#### What is expected
Beginning with the line that contains "A professora vira", restate each line below through the final one exactly, and exclude the pictures.

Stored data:
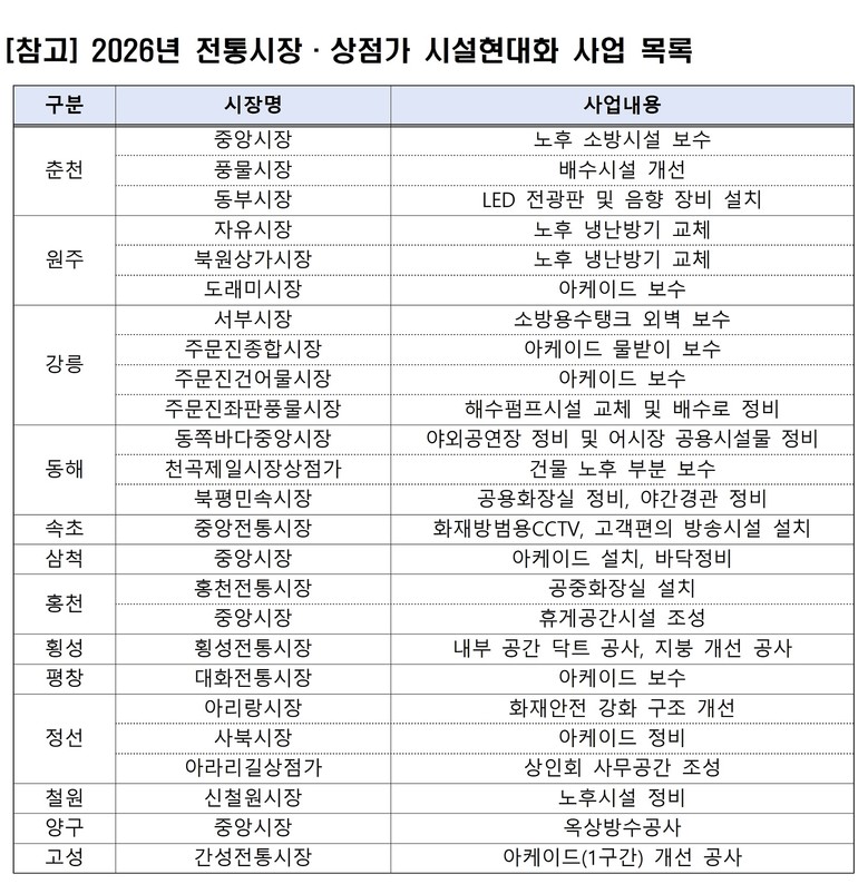 [강원도 세계타임즈=김민석 기자] 강원특별자치도는 2026년 도내 전통시장과 상점가의 경쟁력 강화와 활성화를 위해 총 129억 원을 투입해 시설 개선 사업을 추진한다. 이번 사업에는 주차환경개선사업 72억 원과 시설현대화사업 57억 원이 포함된다.
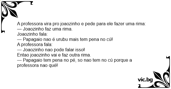 A professora vira pro joaozinho e pede para ele fazer uma rima:
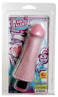 From it's pliable tip; along its highly flexible, pretty pink shaft to its multi-speed controller base this vibe is 5.5" of RAW TALENT. Totally waterproof, phthalate free and made from loveclone RX. The raw talent is destined to become a star! 1 x AA battery |
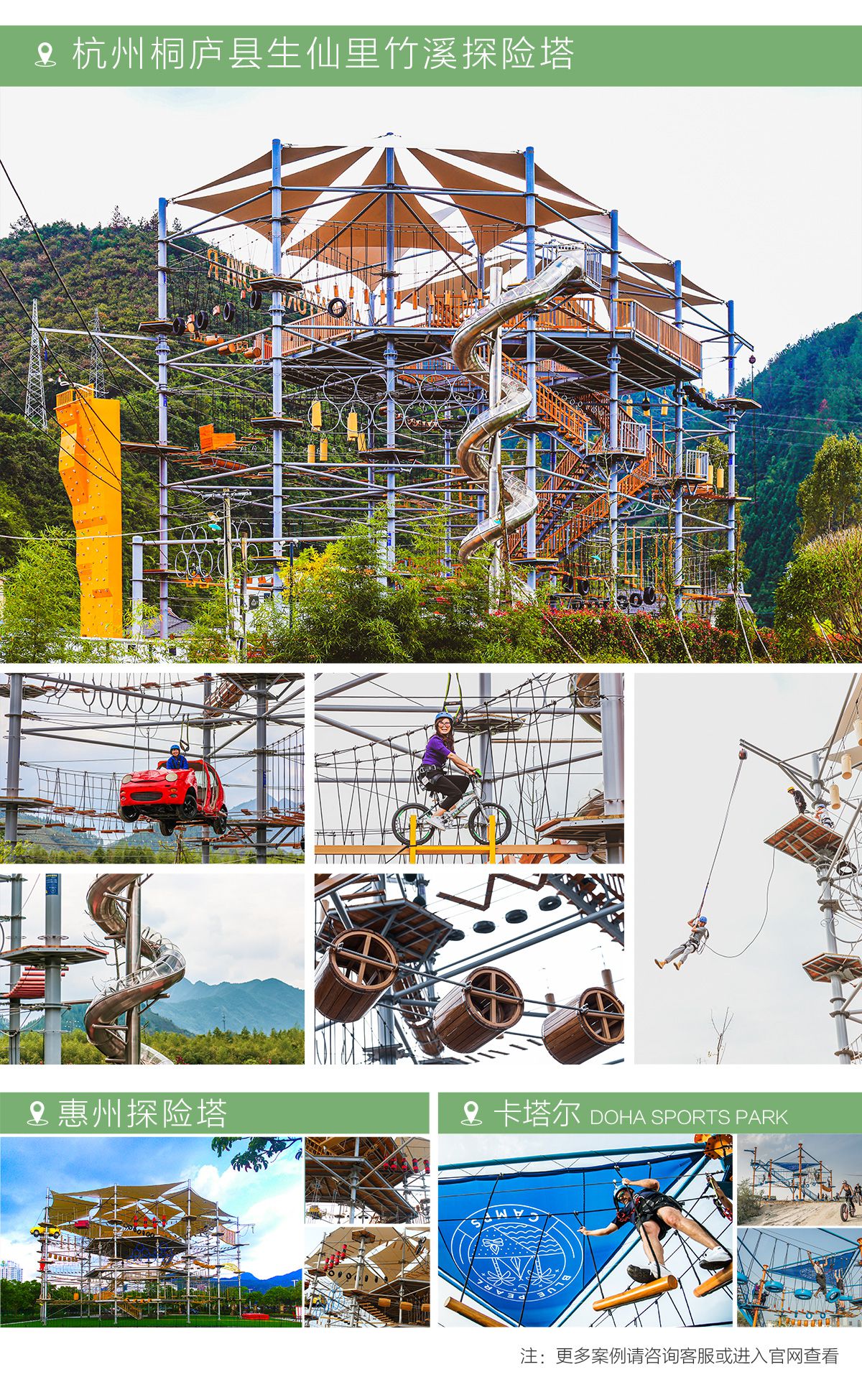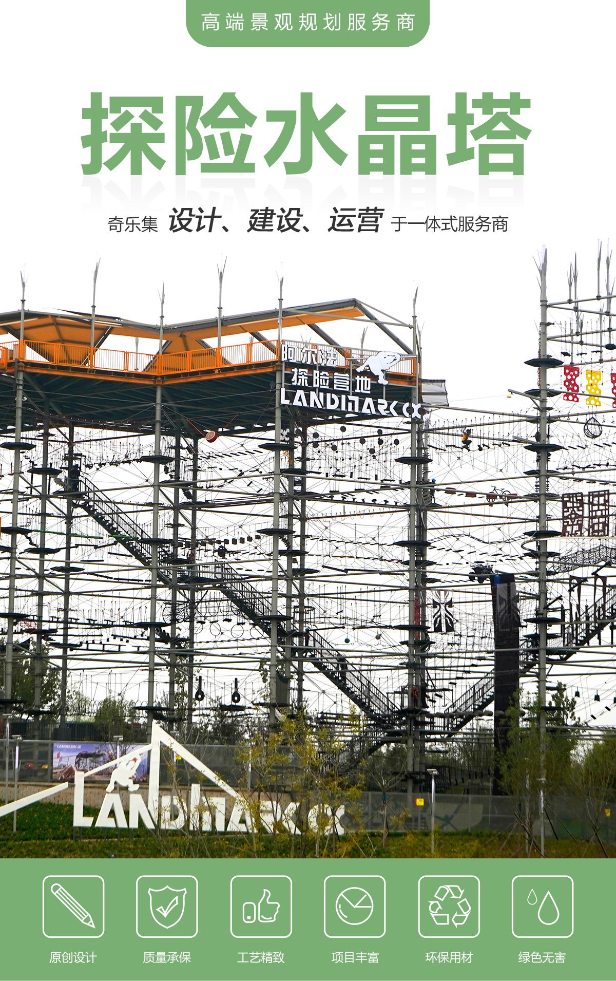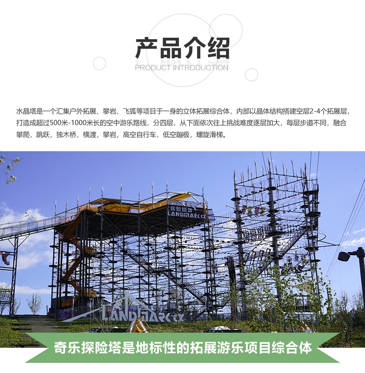 匯集 200 種游樂步道,適合廣大游客 水晶塔集冒險、運動、娛樂、挑戰于一體的綜合游樂類項目,通過在塔內設置并搭建各種難易不同、風格迴異、超強刺激的步道關卡,讓游客體驗高空墜落與自由滑翔的快感,感受塔內項目攀爬穿越的刺激。水晶塔是一個創新且極具盈利能力的全新休閑旅游項目,適合建在戶外,也可以建在窒內。 晶體結構,更穩固,更安全 水晶塔采用品體結構設計,每4根立柱為1個晶體結構,可根據客戶需求自由組合,晶體結構設計更大的增加設備的穩定性、利用率,保證客戶場地的實用率最大化,立柱之間做連桿支撐,根據結構設置觀景臺,可達 80~1000+m?,可作為餐飲,休閑吧,咖啡吧,酒吧等休閑休息區域,平臺下方懸空架連接桿支撐,平臺可同時承載 30-1000+人。 搭配我司自主研發生命系統,保障安全無死角自主研發自鎖式雙掛鉤,相互交替型安全保障永遠保證有一個掛鉤自鎖在鋼絲繩上面,保障安全無死角。
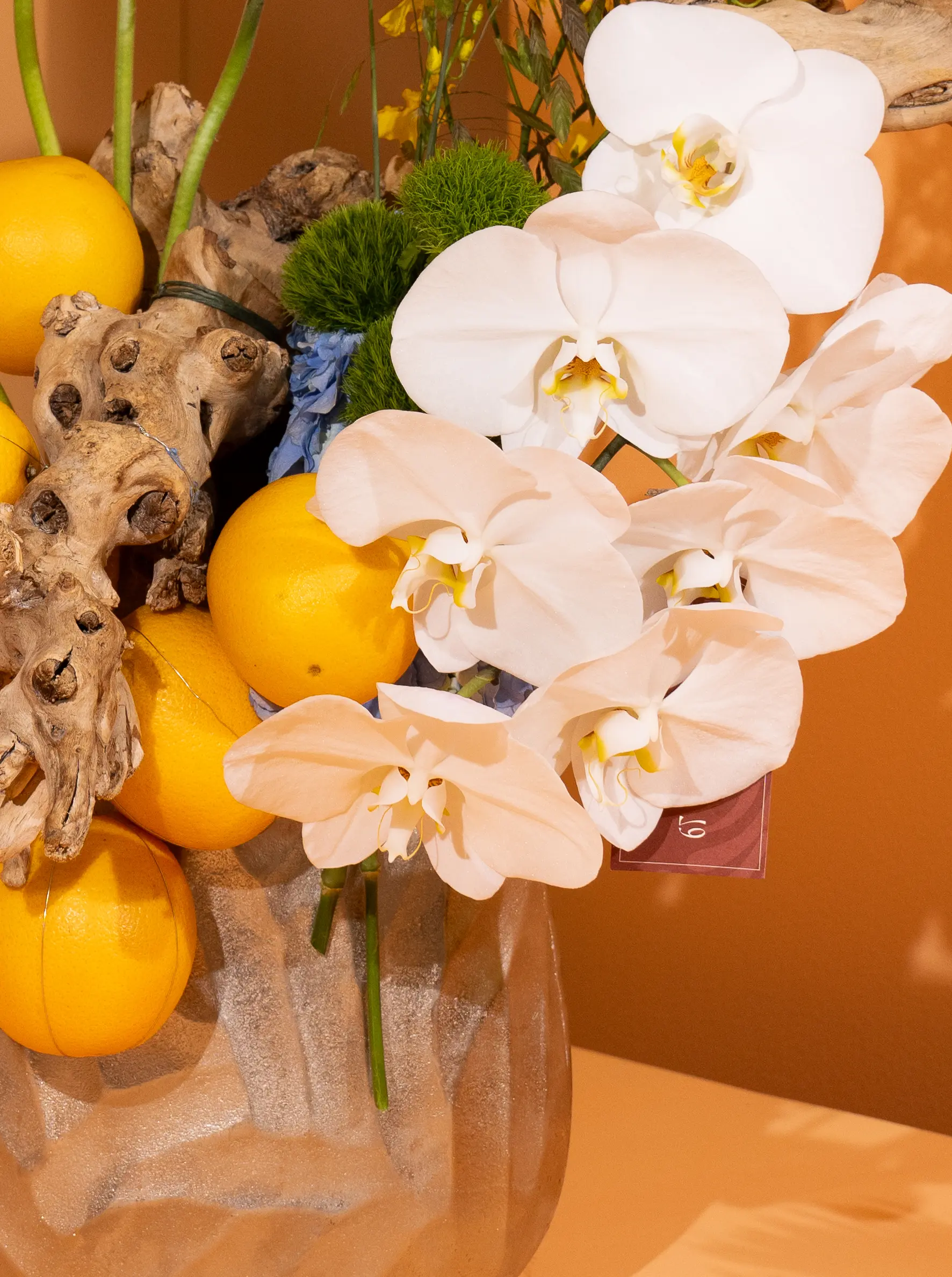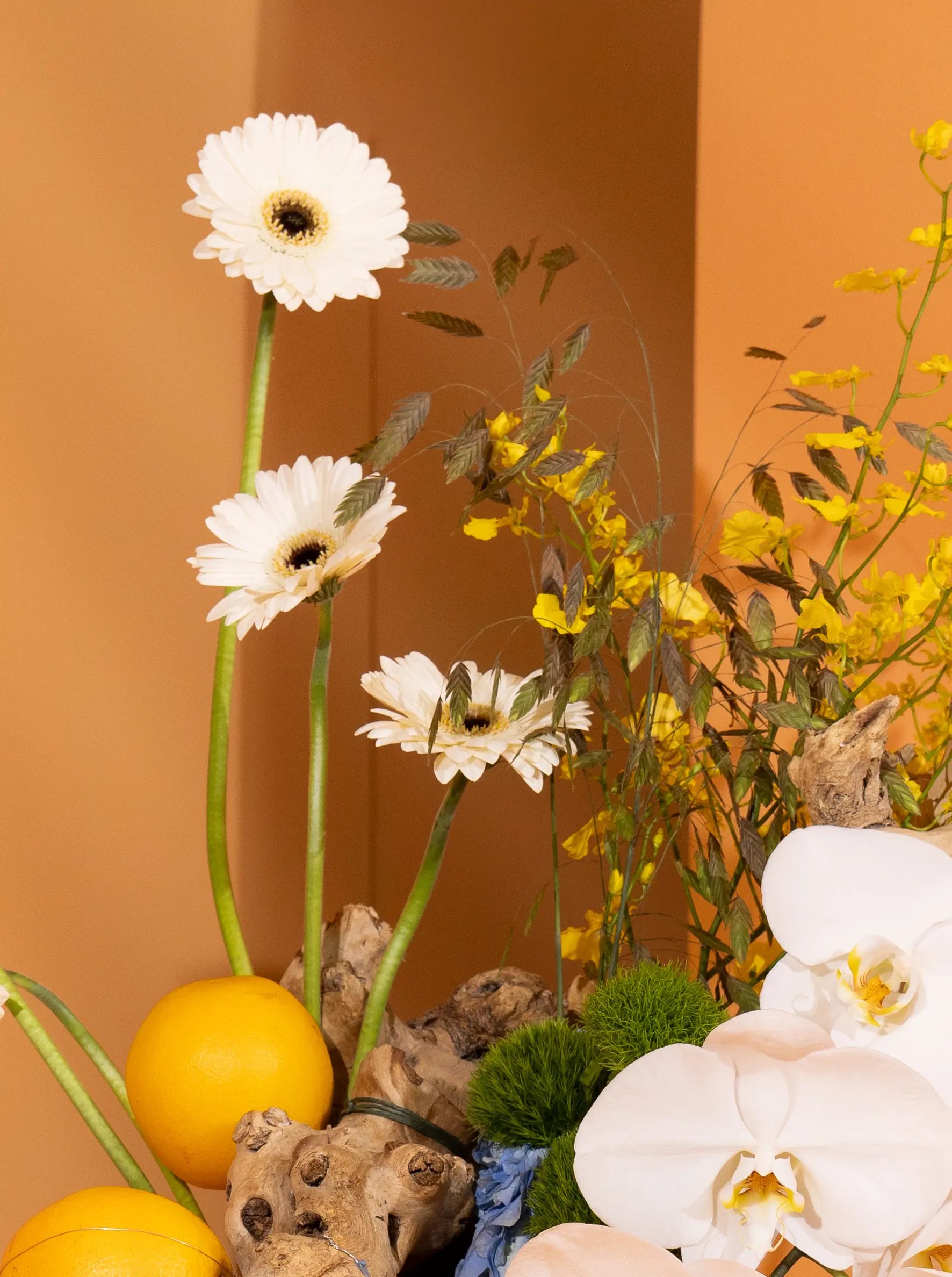 Citrus Bloom Artisan Arrangement blends fresh white orchids, cheerful daisies, golden citrus accents, and sculptural driftwood for a striking, contemporary display, this unique piece adds natural elegance and a pop of sunshine to any room.

#### Result for this exercise
 A professora vira pro joaozinho e pede para ele fazer uma rima:
 From it's pliable tip; along its highly flexible, pretty pink shaft to its multi-speed controller base this vibe is 5.5" of RAW TALENT. Totally waterproof, phthalate free and made from loveclone RX. The raw talent is destined to become a star! 1 x AA battery |
 匯集 200 種游樂步道,適合廣大游客 水晶塔集冒險、運動、娛樂、挑戰于一體的綜合游樂類項目,通過在塔內設置并搭建各種難易不同、風格迴異、超強刺激的步道關卡,讓游客體驗高空墜落與自由滑翔的快感,感受塔內項目攀爬穿越的刺激。水晶塔是一個創新且極具盈利能力的全新休閑旅游項目,適合建在戶外,也可以建在窒內。 晶體結構,更穩固,更安全 水晶塔采用品體結構設計,每4根立柱為1個晶體結構,可根據客戶需求自由組合,晶體結構設計更大的增加設備的穩定性、利用率,保證客戶場地的實用率最大化,立柱之間做連桿支撐,根據結構設置觀景臺,可達 80~1000+m?,可作為餐飲,休閑吧,咖啡吧,酒吧等休閑休息區域,平臺下方懸空架連接桿支撐,平臺可同時承載 30-1000+人。 搭配我司自主研發生命系統,保障安全無死角自主研發自鎖式雙掛鉤,相互交替型安全保障永遠保證有一個掛鉤自鎖在鋼絲繩上面,保障安全無死角。
 Citrus Bloom Artisan Arrangement blends fresh white orchids, cheerful daisies, golden citrus accents, and sculptural driftwood for a striking, contemporary display, this unique piece adds natural elegance and a pop of sunshine to any room.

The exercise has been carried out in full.